ウーバーが起こした死亡事故の重大すぎる罪 実験中の完全自動運転車が歩行者をはねた
これは、事故ではなく事件だ。
次世代自動車の技術開発において絶対にあってはならぬ、大事件である――。
アメリカ現地時間の3月18日夜、ライドシェアリング大手の米ウーバー(Uber)がアリゾナ州テンピで行っていた完全自動運転の実証試験中に歩行者の女性をはねた。女性は病院に搬送されたが死亡が確認された。
これを受けてウーバーは、アリゾナ州、カリフォルニア州、そしてオハイオ州で実施してきた公道での完全自動運転の走行テストを中止したと発表した。
テスラ「モデルS」でも16年に死亡事故
自動運転での事故といえば、2016年5月に米フロリダ州で起きたテスラ「モデルS」による死亡事故を思い出す人は少なくないだろう。日本でも大きく報道され、筆者もさまざまなメディア向けに原稿を書いた。あの事故の場合、死亡したのはモデルSの個人所有者であり、彼はYouTubeでモデルSが搭載する簡易的な自動運転機能を自慢するような性格の持ち主だった。

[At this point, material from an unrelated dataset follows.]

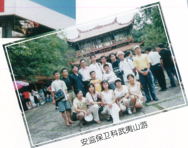
安监保卫科武夷山游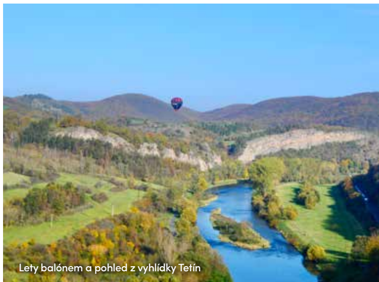
Lety balóne m a pohled z vyhlídky Tetín

そのうえで事故の状況を今一度、振り返ってみよう。彼がモデルSを一般道路で日中に走行しているとき、走路を遮るように入ってきた大型トレーラーの側面に太陽光が反射した影響などから、モデルSの単眼カメラによる認識がうまく行われなかった可能性が高いと当局は見ている。
この事故の責任の所在については、道路交通法上は運転者が自動運転機能を過信したことによる安全運転義務違反の可能性がある。また、技術面では画像認識技術について、事故当時にテスラと共同開発していたイスラエルのモービルアイ(現在は米インテルの子会社)及びテスラ社内の自動運転開発部門の責任が考えられる。
一方で、今回アリゾナで起こった事故の責任は100%、ウーバー側にあると考えられる。
これまでのウーバーからの発表では、事故発生時の詳細な状況は明らかにされていない。ただ、これは実証試験中の事故であり「万が一の場合に備えて自動運転技術に精通した者が運転席に常時着席し、いつでもハンドル操作及びアクセル・ブレーキ操作ができうる状態にいなければならない」という、州が定める自動運転実証試験ガイドラインに沿ったセイフティネットを考慮した状況で起こった。
筆者の個人的な見解でも、運転席に着座していたウーバー関係者が運転管理者として義務を果たせなかったという過失になると思う。